Re: review of LCC documents as of 26 December 2002 from Dave Beckett on 2003-01-07 (www-rdf-comments@w3.org from January to March 2003)

From: Dave Beckett <dave.beckett@bristol.ac.uk>
Date: Tue, 07 Jan 2003 12:40:53 +0000
To: "Peter F. Patel-Schneider" <pfps@research.bell-labs.com>
cc: www-rdf-comments@w3.org
Message-ID: <23130.1041943253@hoth.ilrt.bris.ac.uk>
>>>"Peter F. Patel-Schneider" said:
> 
> Integrated Review of the RDF Core WG LCC Documents (as of 26 December 2002)
> 
> 
> This review is the result of reading the RDF Core WG LCC Documents as they
> existed on 26 December 2002.  

<snip/> 


> RDF/XML Syntax Specification (Revised) Editor's version of W3C Working
> Draft XX Month YYYY
> 
> Section 2: 
> 
> It would be better to state up front that this section is non-normative,
> instead of making it subordinate to sections 6 and 7.  In particular, what
> happens if section 6 and 7 are silent on some point?  Does this make this
> section normative? 

This section has useful examples that are correct rdf/xml as well as
explaining the ideas that the grammar uses such as node element,
property element, etc.  If there are specific things 6 & 7 are silent
on that you need clarifying, please list them.

> Section 5: 
> 
> What does it mean for a namespace to contain a set of names?  How is this
> regulated in RDF?  Can the owner of any namespace close off the namespace?
> How can this be done in RDF?  Without answers to these questions, saying
> that the RDF namespace contains only a certain set of names doesn't make
> sense.

  [Definition:] An XML namespace is a collection of names, identified
  by a URI reference [RFC2396]

  -- http://www.w3.org/TR/1999/REC-xml-names-19990114/

The RDF namespace given here is just such an XML Namespace - a
collection of names identified by a URI reference.  Section 5.1 tells
you what the names are by listing them along with a rule for the
constructed ones of the _n form and gives you the URI reference.

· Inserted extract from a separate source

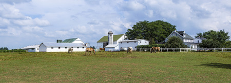 FARMSTEAD, USA - JULY 13, 2010: typical amish farm house with silo ang grazing horses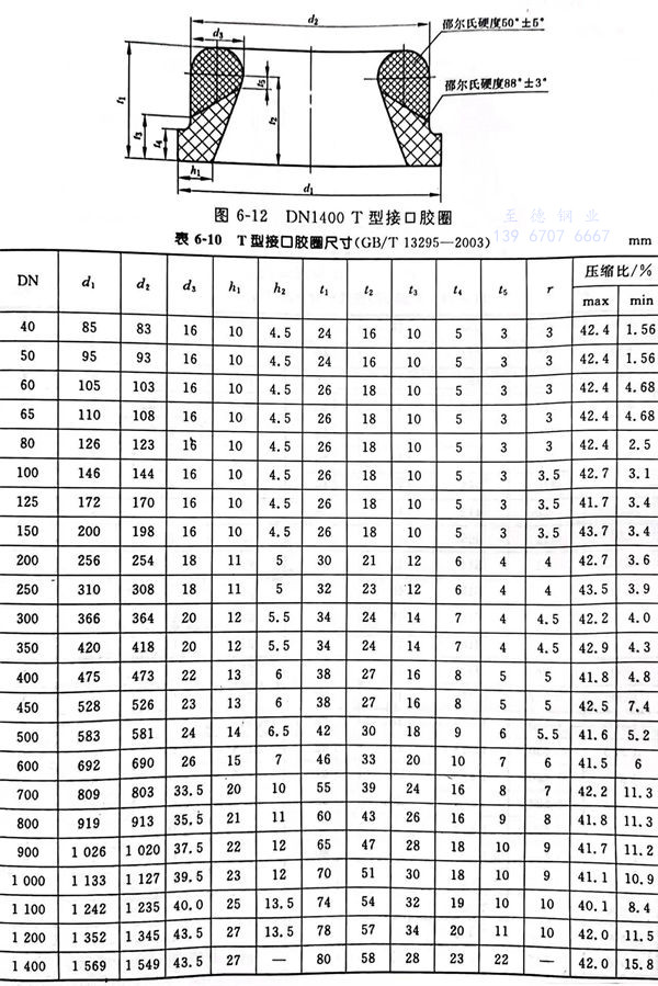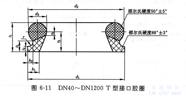 T 型接口用胶圈的型式见图6-11 和图6-12,尺寸见表6-10。

The other questions are best directed at what XML namespaces are
about since the RDF model does not have a concept of namespaces.


> The container property names are not of the form _n where n is a positive
> integer, they are of the form _n where n is a  base-10 numeral without
> leading zeros that represents a positive integer. 

Not just positive; 0 is forbidden.  How about
  "where n is a decimal integer greater than zero with no leading zeros"

> The statement that other names from the RDF namespace can be used goes
> against the idea of a closed RDF namespace and also against certain
> comments from the RDF Core WG.  However, it appears to be much closer to
> historical truth than these other statements.  

The WG considered that new names have been added to the RDF Namespace
since RDF M&S, and older systems wouldn't expect them (see the 5.1
Notes).  The WG decided that unrecognised names would be accepted but
applications should warn that they are unknown to this specification.
Any such names will likely match property element and property
attribute productions in the grammar rules and then appear in triples.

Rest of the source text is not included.